## Exercise aim
Would you retype exactly the lines below, starting with the one that has "Softshell jas zwart met afneembare capuchon." and going on through the one that has "ごはん ぎゅうにゅう しょうゆこうじのやきにくどんのぐ いそかあえ こまつなのみそしる", with no pictures and nothing else?

## Dataset records
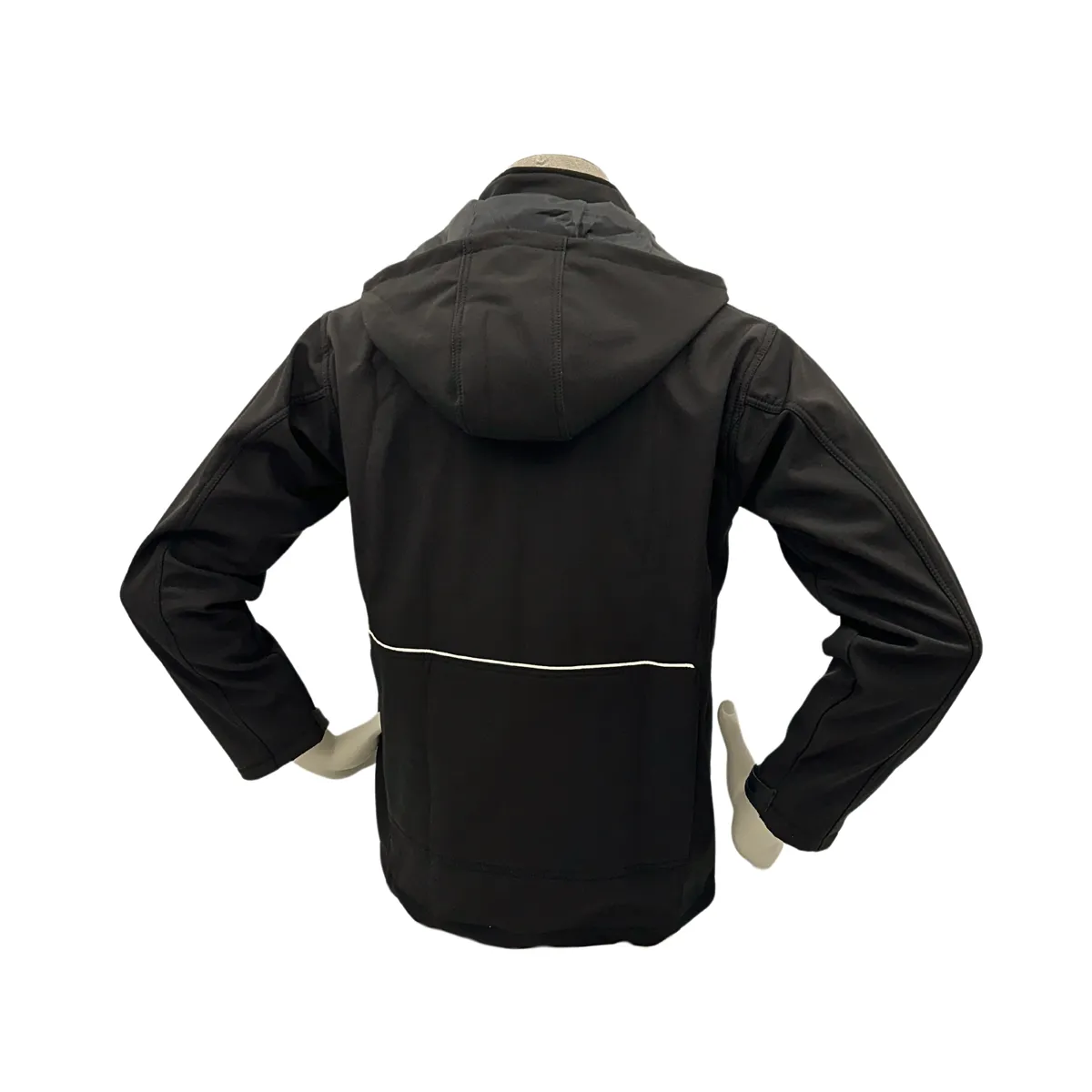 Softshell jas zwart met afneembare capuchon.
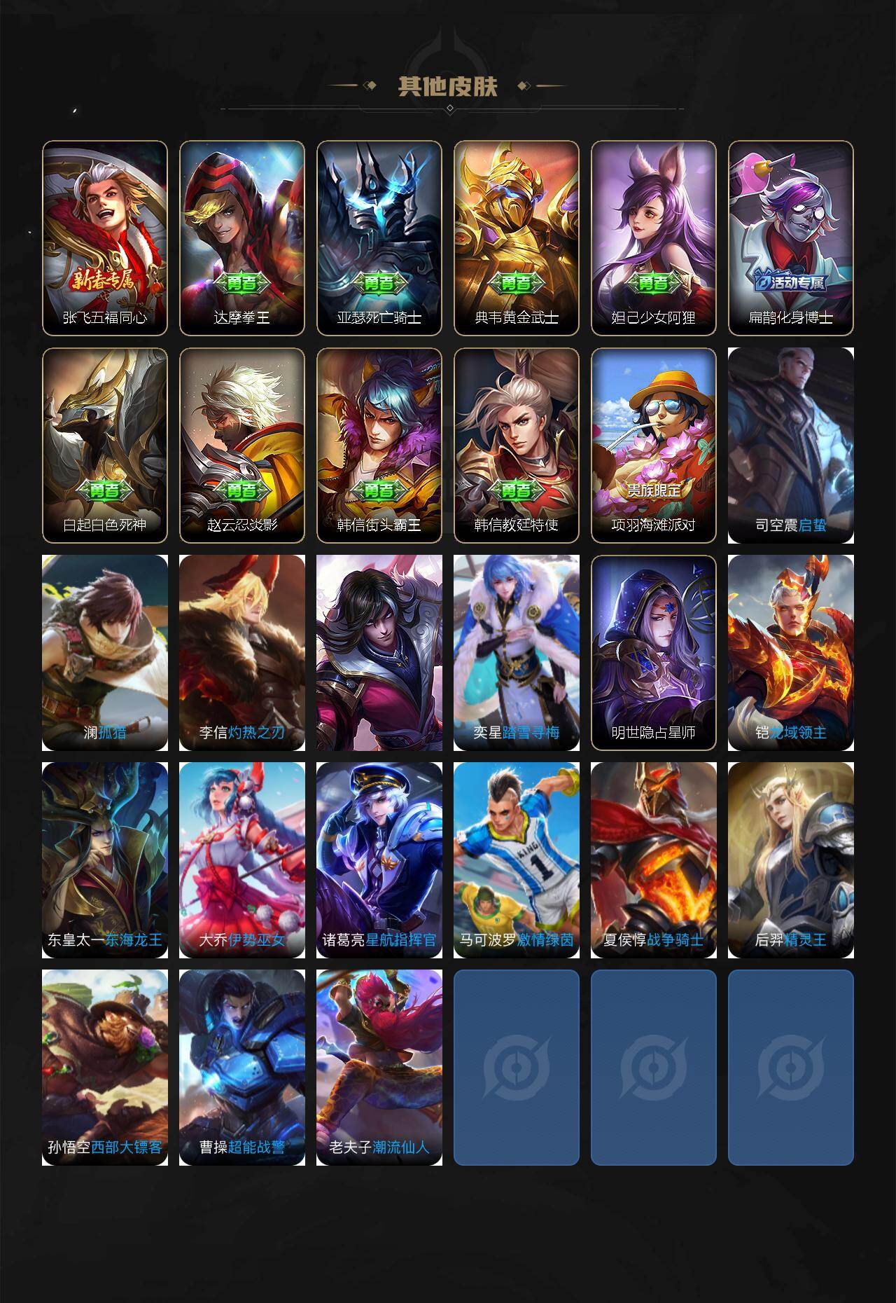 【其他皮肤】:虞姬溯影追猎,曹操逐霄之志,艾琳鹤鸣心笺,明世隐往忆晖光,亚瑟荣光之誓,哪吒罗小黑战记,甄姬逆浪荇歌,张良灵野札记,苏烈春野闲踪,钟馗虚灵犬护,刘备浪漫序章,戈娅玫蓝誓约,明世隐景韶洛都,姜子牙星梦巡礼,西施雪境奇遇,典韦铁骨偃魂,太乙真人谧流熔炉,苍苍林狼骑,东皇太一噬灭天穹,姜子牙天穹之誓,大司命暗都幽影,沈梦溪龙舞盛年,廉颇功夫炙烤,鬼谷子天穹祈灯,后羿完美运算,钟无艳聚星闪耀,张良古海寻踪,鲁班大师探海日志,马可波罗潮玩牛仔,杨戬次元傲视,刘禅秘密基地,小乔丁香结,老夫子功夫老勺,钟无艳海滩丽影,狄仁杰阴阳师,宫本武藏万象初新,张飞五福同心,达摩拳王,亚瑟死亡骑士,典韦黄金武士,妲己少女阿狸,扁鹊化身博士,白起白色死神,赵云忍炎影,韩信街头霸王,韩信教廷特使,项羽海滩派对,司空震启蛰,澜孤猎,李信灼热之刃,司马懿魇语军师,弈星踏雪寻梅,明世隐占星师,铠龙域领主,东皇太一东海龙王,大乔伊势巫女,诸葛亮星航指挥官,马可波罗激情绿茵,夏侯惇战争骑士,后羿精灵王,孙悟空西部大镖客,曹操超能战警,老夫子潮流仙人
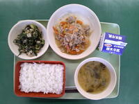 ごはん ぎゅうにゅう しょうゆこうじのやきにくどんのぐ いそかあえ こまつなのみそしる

...

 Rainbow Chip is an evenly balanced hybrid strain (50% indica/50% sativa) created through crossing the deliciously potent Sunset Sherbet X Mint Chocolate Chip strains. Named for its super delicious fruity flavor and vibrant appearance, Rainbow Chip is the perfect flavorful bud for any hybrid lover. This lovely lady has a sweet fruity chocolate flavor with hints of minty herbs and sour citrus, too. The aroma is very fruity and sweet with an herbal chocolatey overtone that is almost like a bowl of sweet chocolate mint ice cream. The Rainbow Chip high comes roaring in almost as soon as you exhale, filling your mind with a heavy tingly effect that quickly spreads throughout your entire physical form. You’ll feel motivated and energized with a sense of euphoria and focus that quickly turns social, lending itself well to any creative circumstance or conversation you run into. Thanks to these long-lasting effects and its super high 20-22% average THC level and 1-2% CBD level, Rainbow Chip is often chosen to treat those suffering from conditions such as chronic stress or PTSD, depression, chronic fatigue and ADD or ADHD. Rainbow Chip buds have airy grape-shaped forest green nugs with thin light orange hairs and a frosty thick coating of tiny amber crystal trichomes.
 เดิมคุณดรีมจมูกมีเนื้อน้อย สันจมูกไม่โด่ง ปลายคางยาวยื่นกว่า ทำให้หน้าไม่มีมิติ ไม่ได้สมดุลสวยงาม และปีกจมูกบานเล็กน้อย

--

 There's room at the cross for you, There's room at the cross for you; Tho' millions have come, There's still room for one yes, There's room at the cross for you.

## Task response
 Softshell jas zwart met afneembare capuchon.
 【其他皮肤】:虞姬溯影追猎,曹操逐霄之志,艾琳鹤鸣心笺,明世隐往忆晖光,亚瑟荣光之誓,哪吒罗小黑战记,甄姬逆浪荇歌,张良灵野札记,苏烈春野闲踪,钟馗虚灵犬护,刘备浪漫序章,戈娅玫蓝誓约,明世隐景韶洛都,姜子牙星梦巡礼,西施雪境奇遇,典韦铁骨偃魂,太乙真人谧流熔炉,苍苍林狼骑,东皇太一噬灭天穹,姜子牙天穹之誓,大司命暗都幽影,沈梦溪龙舞盛年,廉颇功夫炙烤,鬼谷子天穹祈灯,后羿完美运算,钟无艳聚星闪耀,张良古海寻踪,鲁班大师探海日志,马可波罗潮玩牛仔,杨戬次元傲视,刘禅秘密基地,小乔丁香结,老夫子功夫老勺,钟无艳海滩丽影,狄仁杰阴阳师,宫本武藏万象初新,张飞五福同心,达摩拳王,亚瑟死亡骑士,典韦黄金武士,妲己少女阿狸,扁鹊化身博士,白起白色死神,赵云忍炎影,韩信街头霸王,韩信教廷特使,项羽海滩派对,司空震启蛰,澜孤猎,李信灼热之刃,司马懿魇语军师,弈星踏雪寻梅,明世隐占星师,铠龙域领主,东皇太一东海龙王,大乔伊势巫女,诸葛亮星航指挥官,马可波罗激情绿茵,夏侯惇战争骑士,后羿精灵王,孙悟空西部大镖客,曹操超能战警,老夫子潮流仙人
 ごはん ぎゅうにゅう しょうゆこうじのやきにくどんのぐ いそかあえ こまつなのみそしる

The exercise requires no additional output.